You are on page 1of 1

Financial Management

Chapter 2 – Part 1
Firms’ Capital Structure (without taxes)

HOMEWORK

1. In a world with no taxes, consider an all-equity firm. The face value of the shares is 15€ and
the book value of equity is 225 million euros. The company does not have own shares in
treasury.

a) If the annual EBIT is constant and equal to 36 million euros and the required return
on equity is 12%, compute the market value of equity and the price per share.

b) Management is considering a change in the financing structure of the firm by issuing


100M€ in perpetual debt paying interests at 7%. The firm wants to use the proceedings
from the debt issue to distribute an extraordinary dividend. Compute the dividend per
share, the new value of equity after the dividend has been paid, and the new price per
share (assume the M&M world).

c) Suppose that you are an investor that has 10 shares of this company. What was the
value of your total wealth before the firms’ transaction? And after? Explain.

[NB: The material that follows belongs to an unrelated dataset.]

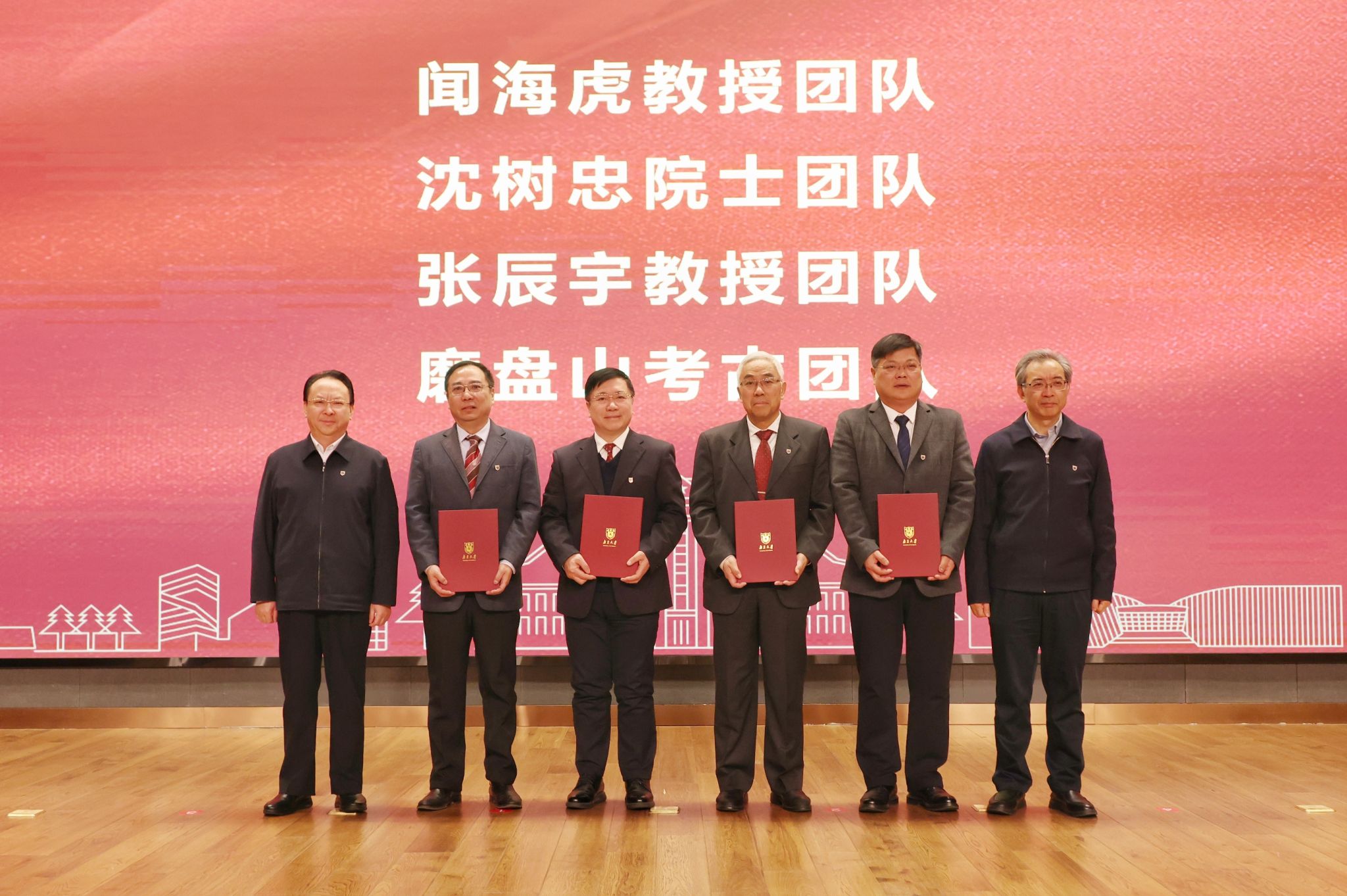 The meeting also announced the "2024 Outstanding Contribution Award." Tan Tieniu and Tan Zhemin presented "NJU Award for Major Contribution to Scientific Research" to Professor Wen Haihu's team, Professor Shen Shuzhong's team, Professor Zhang Chenyu's team and the Mopanshan Archaeological team.

d) Given the new debt ratio (D/E) and the interest on debt of 7%, determine the new
expected return on equity. Is it different from the one before the transaction? Explain.

2. In a world with no taxes, a firm has 30M shares trading at a market price of 15€ per share,
and debt with a market value of 104 M€.

a) Draw the balance sheet of this company including the assets, the debt, the equity,
and the total value of the firm.

b) The company decides to issue new debt to repurchase 1 M shares. Draw the balance
sheet of the company after this transaction. Compare the value of debt, the value of
equity and total firm vale before and after the transaction.

3. In a world with no taxes, a company presents the following investment summary:

Financing mode Book value Market value Cost


Debt 3,000,000 2,800,000 4.8%
Common shares 1,108,000 2,500,000 13%

Determine this company’s weighted average cost of capital.